Going to church as a non-religious person. BY DEEANNA ROLLINS

I walked into this movie theatre and expected the worst. Church in a movie theatre was a new concept to me. When I was growing up, I went to church every Sunday. It was this big elegant church, with 1000 pews from front to back. A place people would go to have a large wedding or to see a baptism.

St. Peter's Lutheran Church, in Kitchener, Ontario.

That was all I knew of church. That was all I had to compare to. I thought I knew how church worked. Apparently I was wrong.

I expected the churchgoers to glare at me from the side. I expected the pastor to look at me like I wasn't supposed to be there. I was an unfamiliar face in a crowd full of friends and family. I was introduced to the pastor. I was introduced to musicians and other attendees.

I felt welcome, which is something I didn't expect. Sure, everyone tells you that you'll be accepted with open arms, but that doesn't mean that you expect it to happen.

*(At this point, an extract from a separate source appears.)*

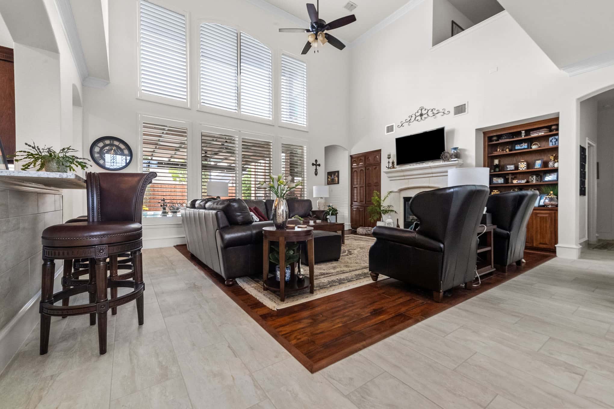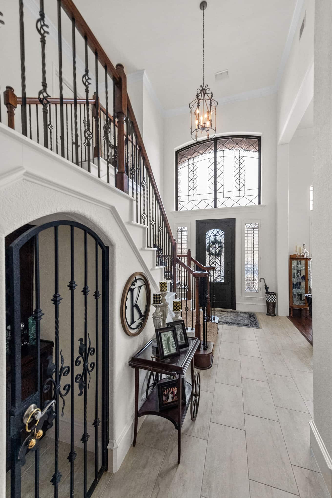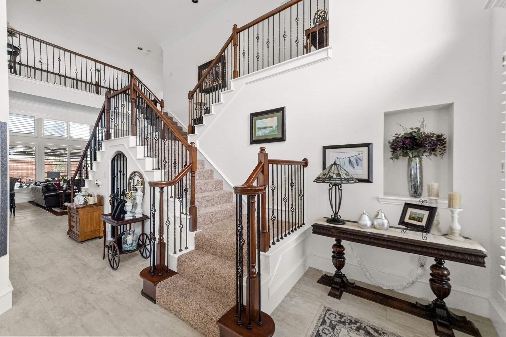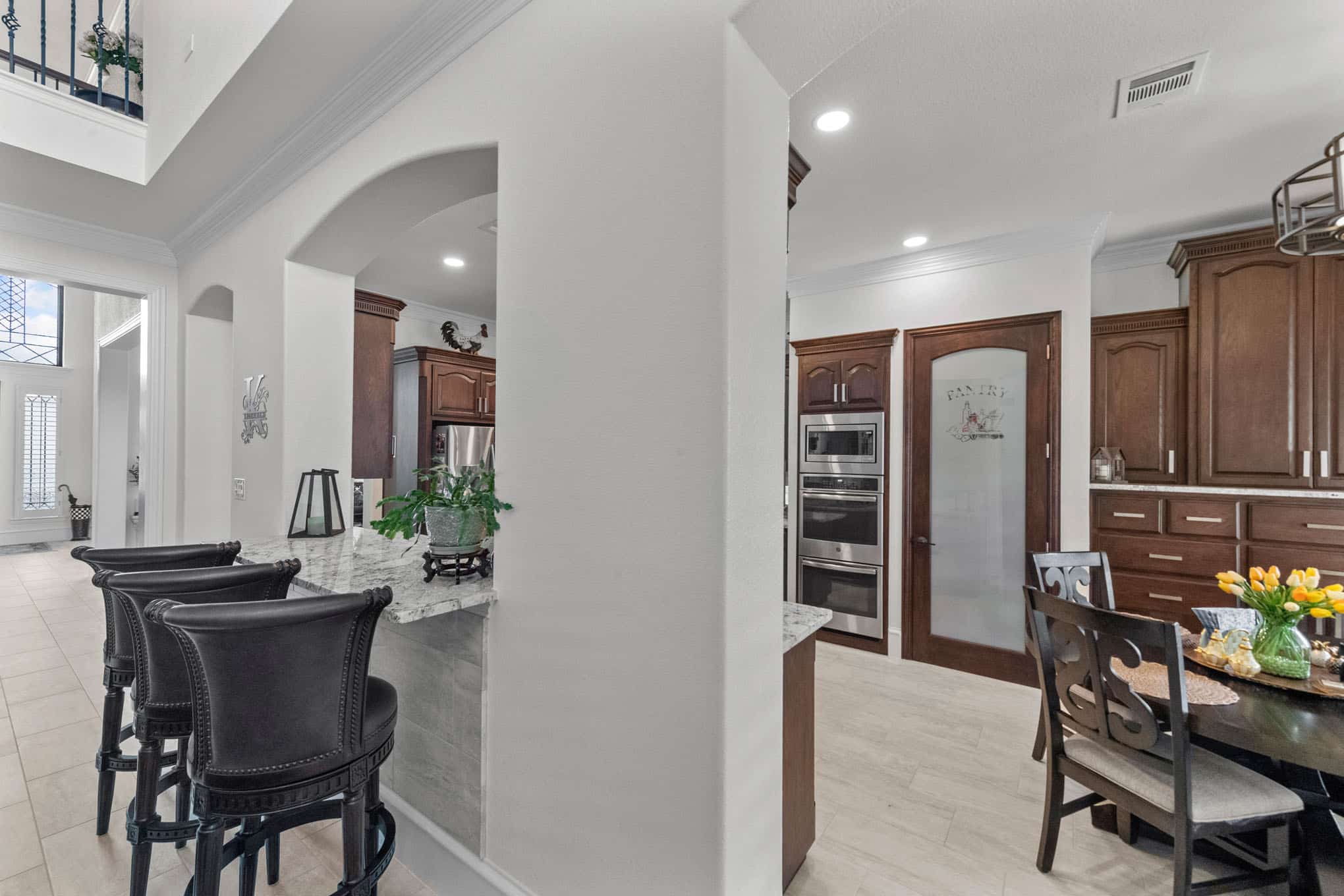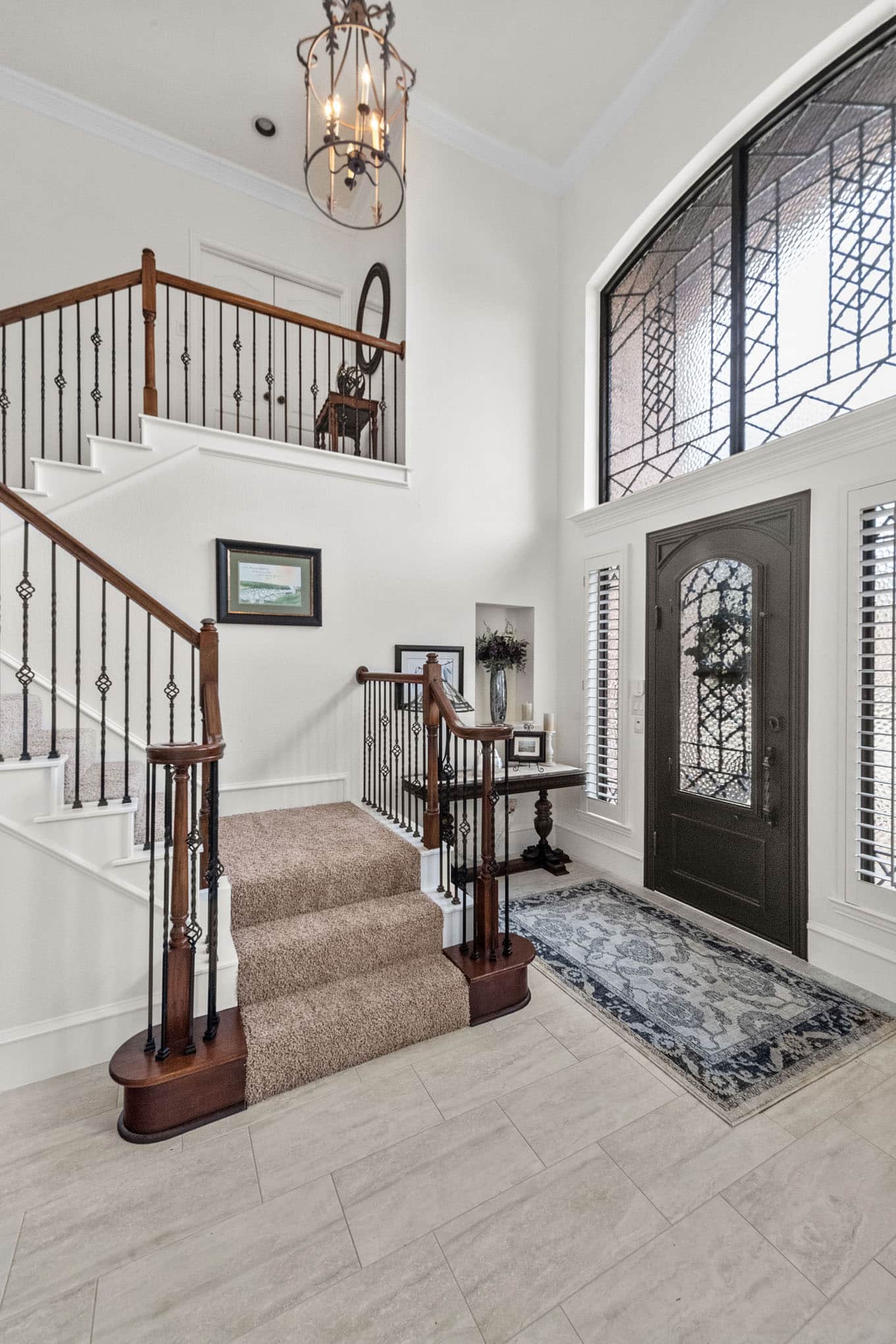 The project seamlessly extends throughout the home’s entryway and living spaces, where soaring ceilings and architectural details are accentuated by crisp white walls and rich wood accents. Custom millwork throughout maintains design continuity, while the strategic use of tile and hardwood flooring creates defined zones within the open concept. Completed in 2024, this comprehensive renovation demonstrates Elite Remodeling’s expertise in balancing sophisticated design with practical family-friendly spaces that will serve the homeowners beautifully for years to come.

I went to church for a very close friend. He's a musician and plays in the band that sings the worship songs at this particular church. I didn't go because I was trying to find myself, or because I felt like I had sinned. I went to support a friend.

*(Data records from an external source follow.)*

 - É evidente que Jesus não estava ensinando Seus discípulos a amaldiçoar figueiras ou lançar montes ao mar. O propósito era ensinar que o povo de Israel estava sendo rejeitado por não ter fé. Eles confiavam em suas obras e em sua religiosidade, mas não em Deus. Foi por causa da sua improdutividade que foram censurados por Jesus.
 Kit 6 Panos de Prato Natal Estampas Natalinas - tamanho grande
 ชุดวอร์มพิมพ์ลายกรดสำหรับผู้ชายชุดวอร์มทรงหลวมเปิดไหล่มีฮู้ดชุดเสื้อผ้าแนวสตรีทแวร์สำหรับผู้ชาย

This is an example of the worship songs that I'm talking about. Samuel Soga, the friend of mine I was supporting at church, is in the middle. Along with other friends of mine Josh and Jonathan.

It honestly didn't even feel like a church service to me. There were no hymns, there was no organ, no pews, no preaching gowns or clerical collars. Instead there were worship songs with the lyrics shown on a projector, there was an electric guitar and a drum kit, there were comfortable movie theatre seats and there were jeans and sweaters.

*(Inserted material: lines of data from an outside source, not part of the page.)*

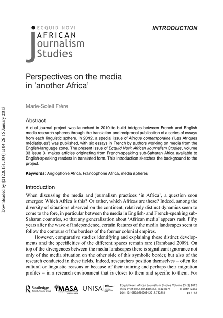 "A dual journal project was launched in 2010 to build bridges between French and English media research spheres through the translation and reciprocal publication of a series of essays from each linguistic sphere. In 2012, a special issue of Afrique contemporaine (‘Les Afriques médiatiques’) was published, with six essays in French by authors working on media from the English-language zone. The present issue of Ecquid Novi: African Journalism Studies, volume 33 issue 3, makes articles originating from French-speaking sub-Saharan Africa available to English-speaking readers in translated form. This introduction sketches the background to the project." (Abstract)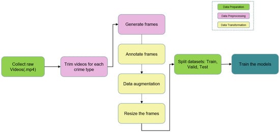 Figure 3 depicts our project’s complete data process lifetime, beginning with the collection of the raw video information and ending with the final product. Data preprocessing, data transformation, and data preparation are the major components. As part of the data preprocessing phase, we manually clipped films for each crime category and then used those segments to build frames. Since most crime videos we received were only a few minutes long, and the crime itself only occurred during a brief window of time, we needed to trim the videos down to just the relevant parts in order to maximize the effectiveness of our training, which also entailed creating frames for every trimmed video. Frame resizing, data augmentation for greater lighting and perspective of frames, and annotating frames are all examples of data transformation that are used as input to a model. Separating raw data into three distinct sets—a training dataset, a validation dataset, and a testing dataset—was the next step in the data preparation process. Three Google drive folders were created: one for the training data, one for the validation data, and one for the testing data. A total of 80% of the training data was utilized to train our deep learning models, with 15% for validation, and 5% for testing.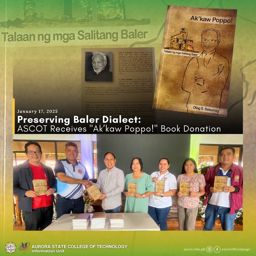 “Maganda ito para hindi maawala ang ating local dialect,” remarked Baler Municipal Councilor Lysander Ondey Querijero, a member and representative of Baler Aurora Ngayon Angkan at Kasaysayan (BANAK, INC.), during the ceremonial turnover of the book Ak’kaw Poppo! Talaan ng mga Salitang Baler to the Aurora State College of Technology (ASCOT) on January 17, 2025. continue reading : Preserving Baler Dialect: ASCOT Receives “Ak’kaw Poppo!” Book Donation

They had multiple different speakers, one of which included my friends father. He is a preacher, and speaks with so much passion and conviction. Now, I'm not someone who is religious and yet I noticed that I took every single word he said and really heard it. And whether or not I was relating what he was saying back to God, or religion, or just my personal life, I wanted him to never stop. My eyes were closed and I was listening with so much intent.

It felt like the words he was saying were flowing through the air and right into my soul.

The sermon was all about finances, and being a student I could most definitely relate. The pastor, Darrell, was talking about how difficult it is to not be rich, even though Canadians are among the top 20 per cent of richest people in the world. He was talking about how difficult Christmas time is for people, because we are so worried about spending money that we don't necessarily have.

He related all of this money talk back to the church, but that didn't mean I couldn't relate to it. The thing I took most out of this was when he started to talk about tithing, which means "to give 10 per cent of your annual earnings."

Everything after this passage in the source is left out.